Mom and dad have a problem - their child John never puts his toys away when he is finished playing with them. They gave John a rectangular box to put his toys in, but John is rebellious and obeys his parents by simply throwing his toys into the box. All the toys get mixed up, and it is impossible for John to find his favorite toys. John's parents came up with the following idea. They put cardboard partitions into the box. Even if John keeps throwing his toys into the box, at least toys that get thrown into different bins stay separated. The following diagram shows a top view of an example toy box. 

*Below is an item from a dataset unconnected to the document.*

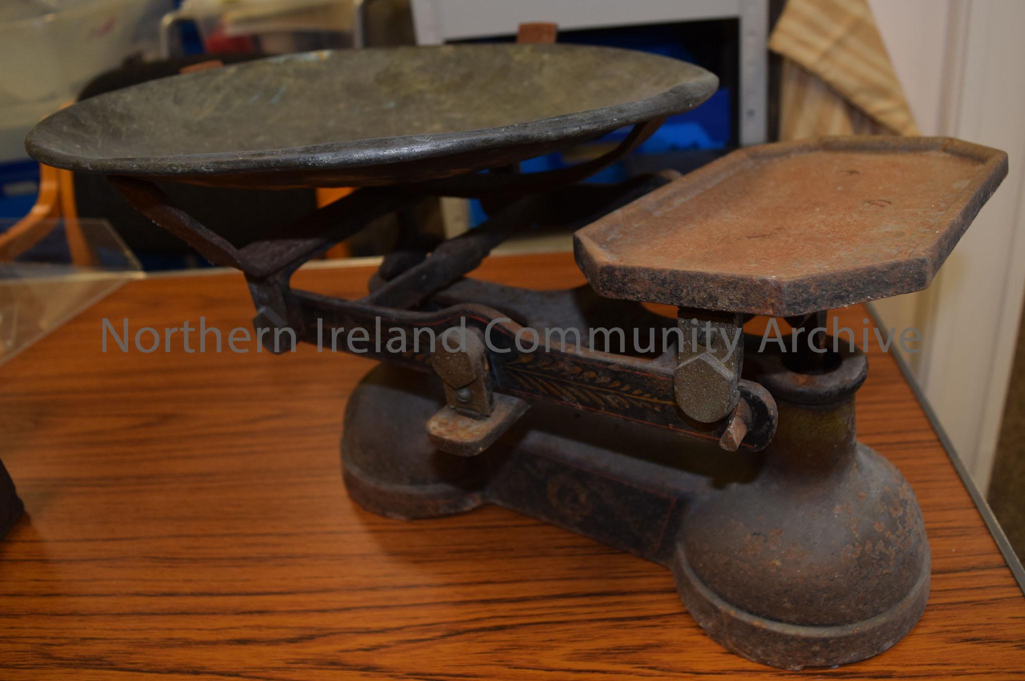 Weighing scales. Black with gold leaf design along the sides with a 8 sided rectangular platform for the weights and a large grey detachable circular dish for the object.

For this problem, you are asked to determine how many toys fall into each partition as John throws them into the toy box. Input
The input file contains one or more problems. The first line of a problem consists of six integers, n m x1 y1 x2 y2. The number of cardboard partitions is n (0 < n <= 5000) and the number of toys is m (0 < m <= 5000). The coordinates of the upper-left corner and the lower-right corner of the box are (x1,y1) and (x2,y2), respectively. The following n lines contain two integers per line, Ui Li, indicating that the ends of the i-th cardboard partition is at the coordinates (Ui,y1) and (Li,y2). You may assume that the cardboard partitions do not intersect each other and that they are specified in sorted order from left to right. The next m lines contain two integers per line, Xj Yj specifying where the j-th toy has landed in the box. The order of the toy locations is random. You may assume that no toy will land exactly on a cardboard partition or outside the boundary of the box. The input is terminated by a line consisting of a single 0.
Output
The output for each problem will be one line for each separate bin in the toy box. For each bin, print its bin number, followed by a colon and one space, followed by the number of toys thrown into that bin. Bins are numbered from 0 (the leftmost bin) to n (the rightmost bin). Separate the output of different problems by a single blank line.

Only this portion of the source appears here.